▶ _DATA SUPPLIED_:
»»

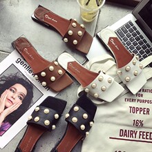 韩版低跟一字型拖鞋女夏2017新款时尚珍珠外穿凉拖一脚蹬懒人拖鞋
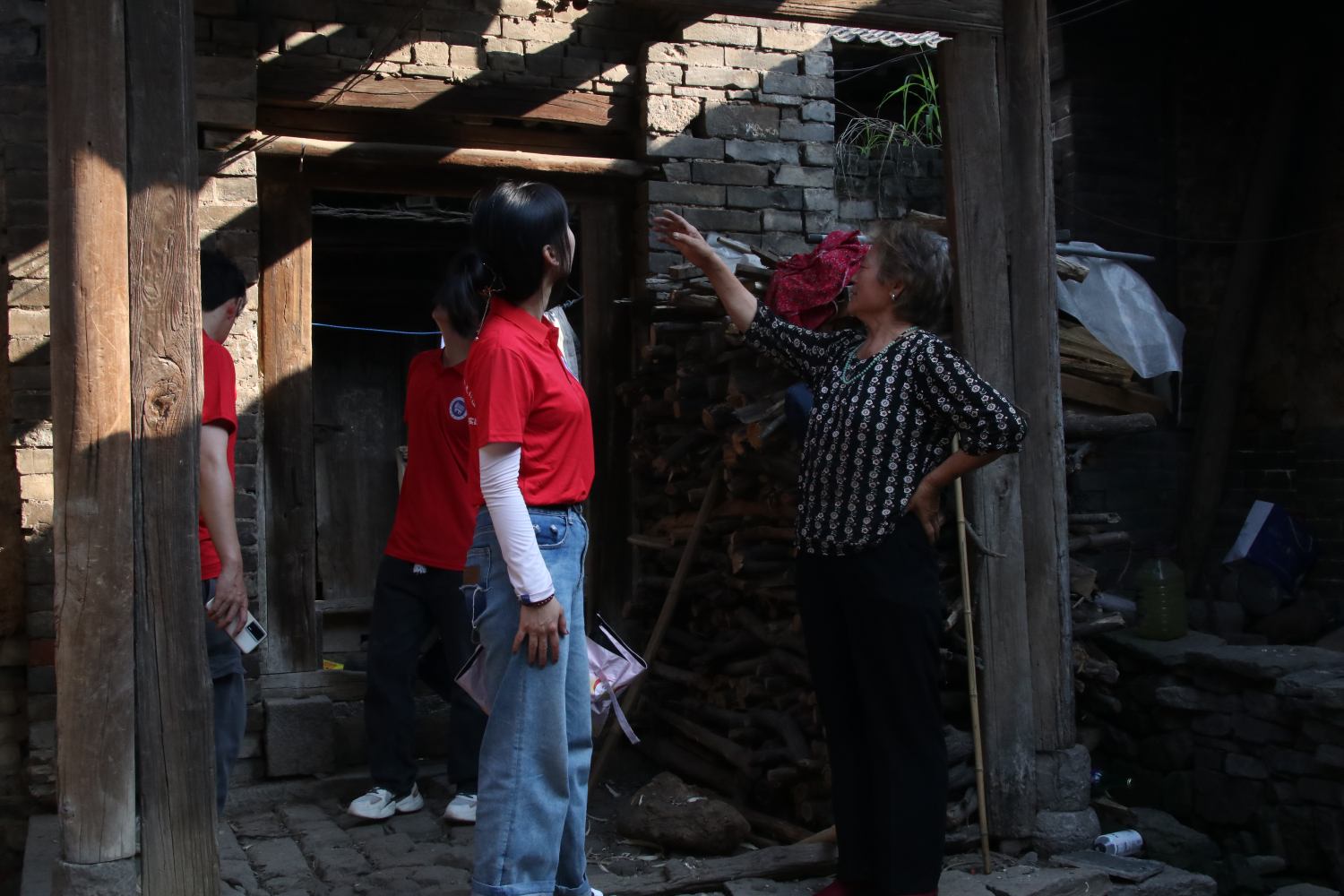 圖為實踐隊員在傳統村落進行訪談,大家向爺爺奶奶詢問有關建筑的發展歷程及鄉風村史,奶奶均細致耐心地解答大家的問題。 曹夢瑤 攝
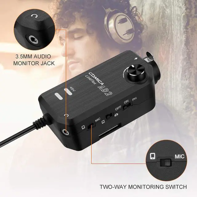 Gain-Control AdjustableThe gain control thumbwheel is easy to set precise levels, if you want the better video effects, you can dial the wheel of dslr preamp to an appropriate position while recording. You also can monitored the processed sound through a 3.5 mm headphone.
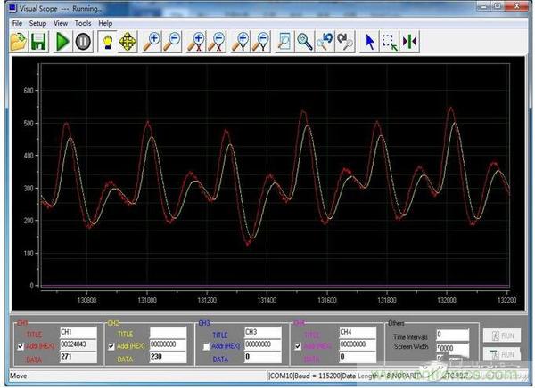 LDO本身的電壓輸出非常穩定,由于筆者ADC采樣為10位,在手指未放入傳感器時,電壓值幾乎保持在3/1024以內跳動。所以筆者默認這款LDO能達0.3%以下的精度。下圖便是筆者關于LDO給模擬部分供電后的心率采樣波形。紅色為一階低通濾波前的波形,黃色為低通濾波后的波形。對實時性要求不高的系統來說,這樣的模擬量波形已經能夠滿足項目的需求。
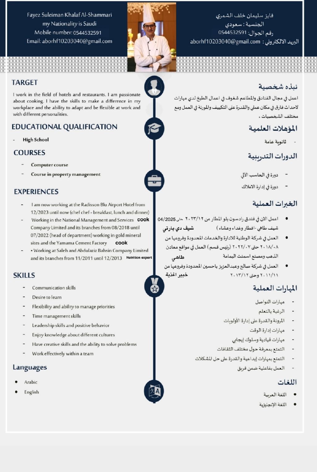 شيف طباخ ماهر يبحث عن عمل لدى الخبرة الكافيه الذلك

««
»»

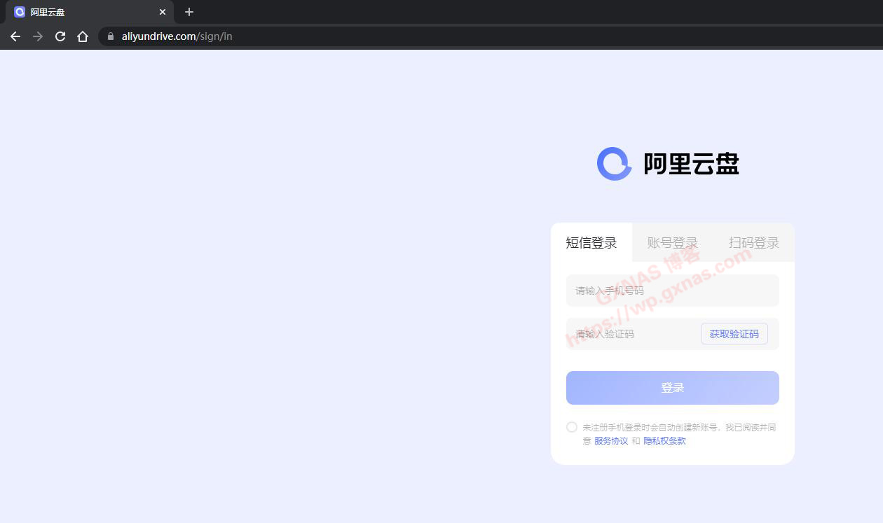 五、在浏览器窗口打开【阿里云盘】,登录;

««
»»

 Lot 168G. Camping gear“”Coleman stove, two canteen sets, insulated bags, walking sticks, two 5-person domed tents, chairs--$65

««

▶ _ASSIGNMENT_: Starting with the line that has "圖為實踐隊員在傳統村落進行訪談,大家向爺爺奶奶詢問有關建筑的發展歷程及鄉風村史,奶奶均細致耐心地解答大家的問題。 曹夢瑤 攝" and going on through the line that has "Gain-Control AdjustableThe gain", transcribe the records above exactly, but skip the pictures.

▶ _SOLUTION TO THIS TASK_:
 圖為實踐隊員在傳統村落進行訪談,大家向爺爺奶奶詢問有關建筑的發展歷程及鄉風村史,奶奶均細致耐心地解答大家的問題。 曹夢瑤 攝
 Gain-Control AdjustableThe gain control thumbwheel is easy to set precise levels, if you want the better video effects, you can dial the wheel of dslr preamp to an appropriate position while recording. You also can monitored the processed sound through a 3.5 mm headphone.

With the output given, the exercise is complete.